About this task: From the line with "O Programa e" to the line with "아래는 시놀로지사의 NAS", retype each line exactly as it stands in the records below, but skip the pictures.
----- Records shown -----
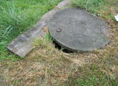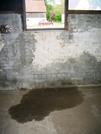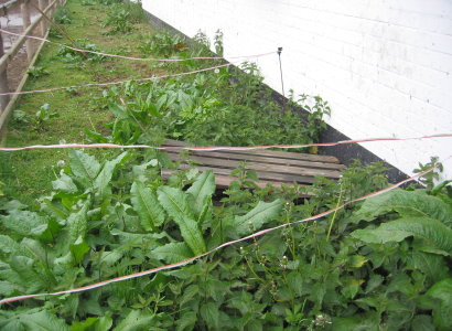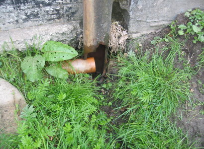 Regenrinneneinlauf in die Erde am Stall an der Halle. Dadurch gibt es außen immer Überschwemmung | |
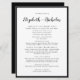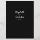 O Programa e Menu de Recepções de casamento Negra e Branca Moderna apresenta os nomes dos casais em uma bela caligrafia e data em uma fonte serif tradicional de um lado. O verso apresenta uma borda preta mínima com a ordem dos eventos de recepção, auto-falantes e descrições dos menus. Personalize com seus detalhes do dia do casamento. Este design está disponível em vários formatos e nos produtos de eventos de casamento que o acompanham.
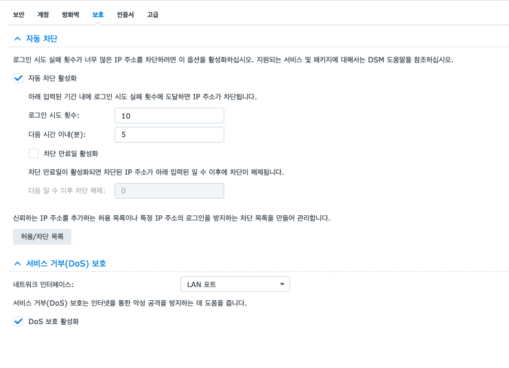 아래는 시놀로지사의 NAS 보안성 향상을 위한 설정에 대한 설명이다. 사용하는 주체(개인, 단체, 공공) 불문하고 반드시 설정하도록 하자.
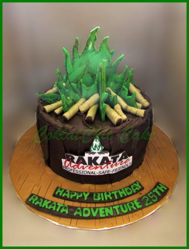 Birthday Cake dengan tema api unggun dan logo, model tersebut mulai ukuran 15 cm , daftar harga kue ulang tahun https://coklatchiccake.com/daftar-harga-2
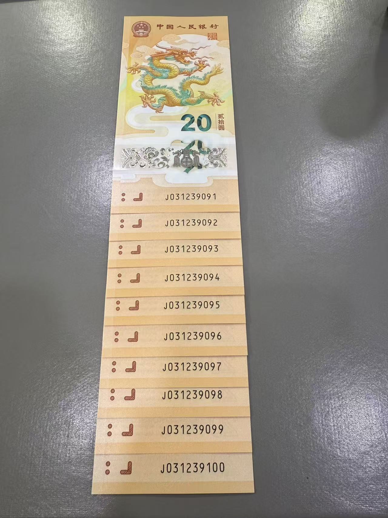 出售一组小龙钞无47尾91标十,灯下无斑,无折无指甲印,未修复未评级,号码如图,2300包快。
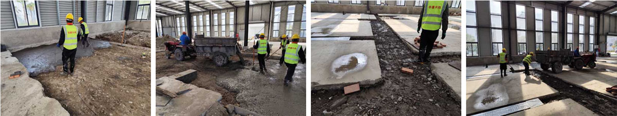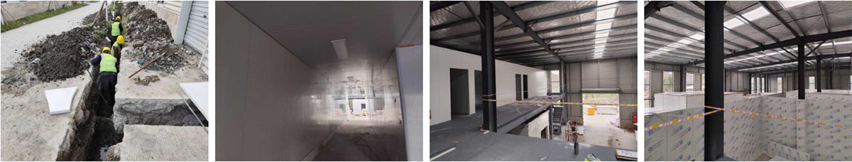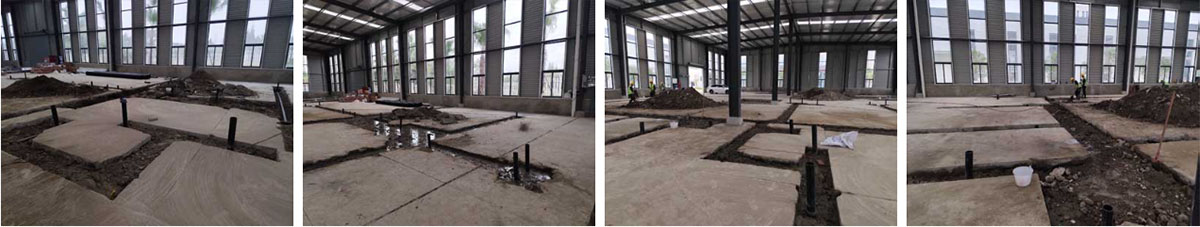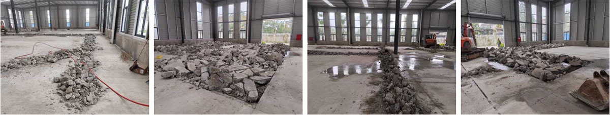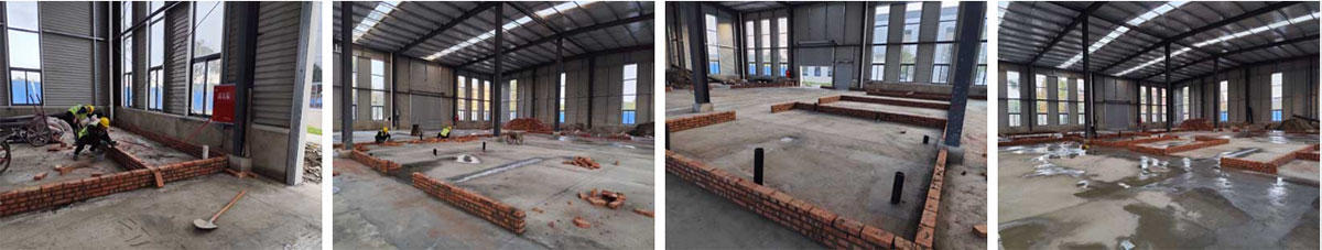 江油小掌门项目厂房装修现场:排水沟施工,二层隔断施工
-----
----- Records shown -----
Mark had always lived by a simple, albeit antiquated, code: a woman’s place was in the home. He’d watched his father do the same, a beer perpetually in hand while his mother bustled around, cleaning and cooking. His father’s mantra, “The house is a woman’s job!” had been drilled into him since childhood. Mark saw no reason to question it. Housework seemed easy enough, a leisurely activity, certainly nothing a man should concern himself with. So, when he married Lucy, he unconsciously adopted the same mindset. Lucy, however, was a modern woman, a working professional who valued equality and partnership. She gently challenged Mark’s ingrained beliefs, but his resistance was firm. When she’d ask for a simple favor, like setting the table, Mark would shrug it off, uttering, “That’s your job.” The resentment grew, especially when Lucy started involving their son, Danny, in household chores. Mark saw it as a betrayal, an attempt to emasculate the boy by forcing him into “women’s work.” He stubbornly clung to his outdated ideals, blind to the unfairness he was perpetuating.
-----
Exercise output:
 O Programa e Menu de Recepções de casamento Negra e Branca Moderna apresenta os nomes dos casais em uma bela caligrafia e data em uma fonte serif tradicional de um lado. O verso apresenta uma borda preta mínima com a ordem dos eventos de recepção, auto-falantes e descrições dos menus. Personalize com seus detalhes do dia do casamento. Este design está disponível em vários formatos e nos produtos de eventos de casamento que o acompanham.
 아래는 시놀로지사의 NAS 보안성 향상을 위한 설정에 대한 설명이다. 사용하는 주체(개인, 단체, 공공) 불문하고 반드시 설정하도록 하자.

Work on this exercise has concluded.